The survey also touched on the emotional side of children fleeing the nest – 10% of parents surveyed felt distraught and a further 13% reported feeling lonely. In some cases, these handouts may double up as a bribe to ensure the kids still visit.

For me, a free meal or two was always enough motivation for me to go home when I was a struggling undergraduate.

What’s your attitude towards passing on money to your children? Is it ever worth putting yourself into debt? Are there are any reasons you wouldn’t support your kids, even if you could afford to?

Comments
Profile photo of duncan lucas
Member

This is one of the most interesting convo,s so far -good thinking Joe- highly controversial (dont tell me Which is becoming radical -no of coarse not ) Where do you stand -sticker in back of the car-spending the kids inheritance—and enjoying it or Judge Judy- STILL at home with your parents- get a job –NOW !! or are you getting yourself into debt because your kids dont know the value of money and you are left with an old-age of struggling and hardship – which you have already paid for in your younger years with hard work . and thought all through it- well my old-age will be more peaceful. Then we have have the poor -they just wish they had the option even their kids are in dead-end jobs on very low pay with zero chance of rising up the ladder and the ever present chance of the company shutting down its branch,s which is happening here at an alarming rate. With the young male suicide rates the highest they have ever been in this country as they see no end in sight except leaving it. Yes this is an excellent convo I just wish Which would produce more of REAL life instead of comic features as lack of money, job, home somehow takes away all the laughter. So good-on ya, Joe as they say in Australia.

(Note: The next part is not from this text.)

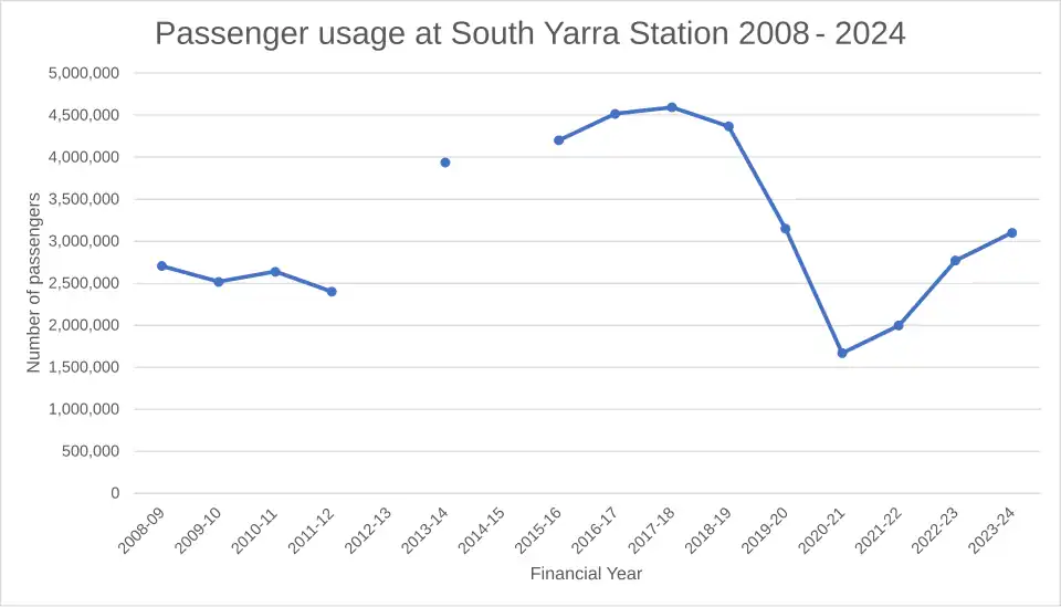 A chart showing passenger usage at South Yarra Railway Station in Melbourne, Australia, between 2008 and 2024 sorted by financial year.

Profile photo of malcolm r
Member

Children are family whatever their age. Ours have worked hard at their education, their jobs, and made their way in life in responsible ways. We care about them and they also care about us. We’d rather give them any help now if they need it, and if we can do it, rather than have them wait until we are dead and buried. That way we can enjoy it with them.

Family support is important, we believe. You never know – we might need them to support us one day 🙂

Member
Nick A says:
11 April 2017

The generation with children in the 18-30 range are the last generation to have good pensions, good equity in our properties and our University education was largely free. Many of us will have already inherited from our baby boomer parents. Meanwhile our adult children are leaving University with £50k of debt, much less prospect of a long term career and with an impossible task to get on the housing ladder.

Of course we should be helping them out.

Profile photo of John Ward
Member

I think Nick A has summed it up very well. I cannot think of a single reason not to help one’s offspring and others in the family if resources are available. It doesn’t necessarily have to be money. Practical and material help can be just as useful. From personal experience I know this can be challenging in some circumstances, especially if people are wanting some emotional response in return or feel uncomfortable propping up what they consider to be an uncongenial lifestyle, but anything other than unconditional support is likely to lead to greater tensions and anxieties in due course.

Profile photo of John Ward
Member

It would have been clearer if I had written “parents” instead of “people” in line 4 of my comment above.

Profile photo of Beryl
Member

Be careful of tax implications before helping your children out by making sure you read the link provided in red in the header above ie Inheritance Tax Planning and Tax Free Gifts. Also useful: saga.plc – Tax and Giving Money to Children.

Profile photo of Sophie Gilbert
Member

If you have to bribe to ensure the kids still visit, stop the payments right now and organise your will to ensure that everything you have goes to charity.

Interesting question, should parents be paying for their adult children? Does it say something about our society that we’re asking it at all?

Member
Millie Wood says:
11 April 2017

I don’t see why children should be helped financially after they leave the nest it’s up to them to finance their careers their parents have taken care of them from infancy now they must sand on their own two feet. They should not expect their parents to continue to fund them once they have decided what they want to do with their lives

Profile photo of malcolm r
Member

It is surely for many not a question of what children expect, but of what parents choose to do. I don’t see family ties suddenly terminating when they reach a particular point in their lives, whether by age or independence. However, I am probably coloured by liking our children, seeing them as friends as well as offspring, and finding helping them a pleasure. As John intimates above, it may be money, emotional support, physical help, diy, lending a car…….

Profile photo of Beryl
Member

As long as those choices are reciprocal in the event of your own impending physical and mental decline.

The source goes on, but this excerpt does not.